I guess, by a small Book I find amongst my Fathers papers yt he had a design to collect into one all yt he had of Sr. Isaac's writing; But he went no farther than ye transcribing three short Lettrs he received from Him & a Common Place of His part of wch. I find under Sr. Isaac's own hand, ye rest together with ye originals of those three Lettrs, is lost: Besides those transcribed Lettrs and ye Common place, I can meet wth. nothing but four or five Lettrs under Sr. Isaac's own hand very short, & relating to Dividends & Chamber Rent wch. he was so kind as to receive for my Father when at Monmouth where he was most part of ye time he continu'd Fellow. There being so little in these Lettrs I do not now send them, but wait for your Commands, for whatever I can meet with of This worthy Man, shall be at your Service.

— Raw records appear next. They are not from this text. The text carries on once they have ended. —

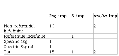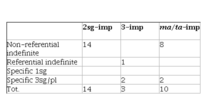 3.2 Referential properties of 2sg-imp, 3-imp and ma/ta-imp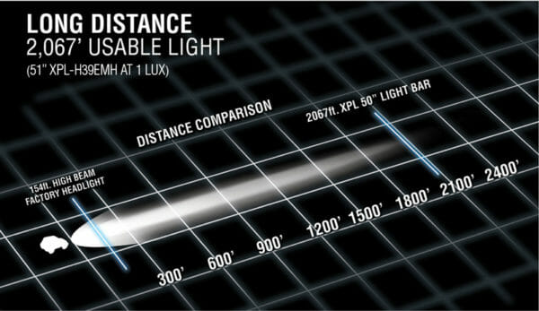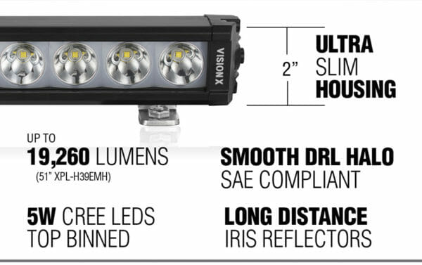 XPL low profile är Vision X senaste LED ramp med ett extra slimmat lamphus som bara är 45mm högt förutom ute på kanterna där är den 51mm. Trots den låga profilen har XPL riktigt bra tryck i ljuset med bra längd och en hel del bredd detta tack vare den välarbetade IRIS reflektorn och Cree's senaste top BIN 5W diod. Ljusbilden kallas spot men är tvådelad; en del nära ger bra bredd i närområdet med ca 70 graders spridning samt en del slungas iväg på håll med ca 10 graders spridning. Detta resulterar i att den ger bättre bredd nära där bilens helljus inte är tillräckligt brett samt ökad längd på ljuset på håll. XPL 40" lyser vid 1 lux 637m (1274m vid 0,25 lux).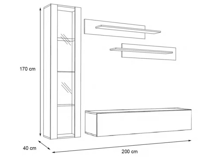 | Šírka | 200 cm (bez medzery medzi skrinkami) |
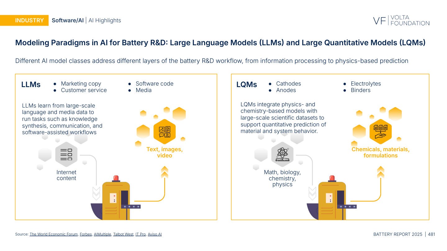 The report's own distinction between Large Language Models and Large Quantitative Models (p. 481) reinforces this. LLMs handle language, workflow, and knowledge synthesis. LQMs integrate physics and chemistry-based models with scientific datasets for quantitative prediction. Both matter. But the quantitative predictions that actually inform cell design, protocol optimization, and degradation forecasting require physics-based simulation grounded in real data. That is the layer Ionworks builds.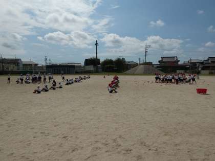 低学年は、運動会で行う玉入れの練習をしました。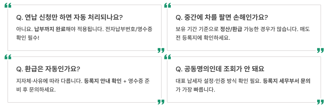 FAQ의 결론은 단순합니다: 연납은 납부 완료까지, 기준은 등록지, 금액은 고지/납부 화면이 최종. 여기만 잡아도 헷갈림이 크게 줄어요.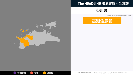 1月10日11時1分、高松地方気象台は、香川県に発表されている警報・注意報の経過、予測、防災上の留意点などを解説するために発表していた気象情報を更新した。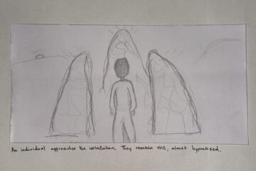 We cut back to the desert. A lyre is partially visible, with a dune covering its lower half. This is captured from a low angle to give it a sense of mystery and importance.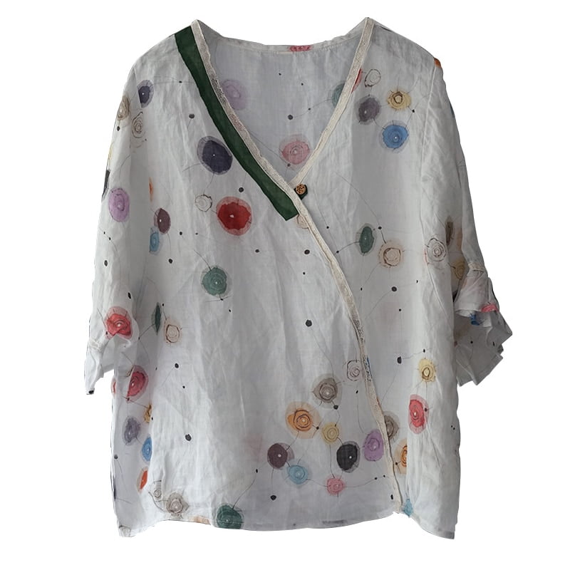 Avec ce t-shirt vintage à pois, vous serez la reine du bal, même si votre danse ressemble plus à un canard boiteux qu’à une gazelle gracieuse. 🦆💃 Pas de panique, les manches évasées sont là pour cacher vos bras qui ont tendance à voler dans tous les sens. Et puis, le col en V est tellement profond que personne ne remarquera votre peur de monter sur scène. Enfin, avec son patchwork ramie unique et audacieux, il est l’arme parfaite pour faire des jaloux et jeter symboliquement la pierre à ceux qui osent critiquer votre style vestimentaire ! Alors n’hésitez plus et offrez-vous cette pièce d’été indispensable avant qu’elle ne disparaisse des rayons ! 😎👚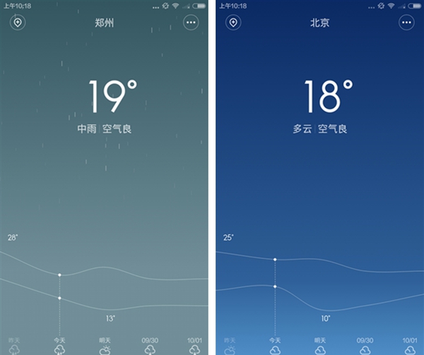 Flyme 4.0终于内置了天气应用,MIUI 6也采用了全新的天气界面,两者的美观性和动画都非常出色,并且都为不同天气提供了不同的背景色调。

My Father's Intimacy with Him came by meer Accident <3> My Fathers first Chamber-fellow being very disagreeable to him he retired one day into ye walks, where he found Mr Newton solitary & dejected; Upon entering into discourse they found their cause of Retiremt ye same, & thereupon agreed to shake off their present disorderly Companions & Chum together, wch. they did assoon as conveniently they could & so continued as long as My Father staid at College.

I have heard my Father often say that he has been a Witness to what ye World has so often heard of Sr. Isaac's forgetfullness of his food, when intent upon His Studies; And of his Rising in a pleasant manner wth. ye satisfaction of having found out some Proposition; without any concern for, or seeming want of his Nights sleep, wch. he was sensible he had lost thereby.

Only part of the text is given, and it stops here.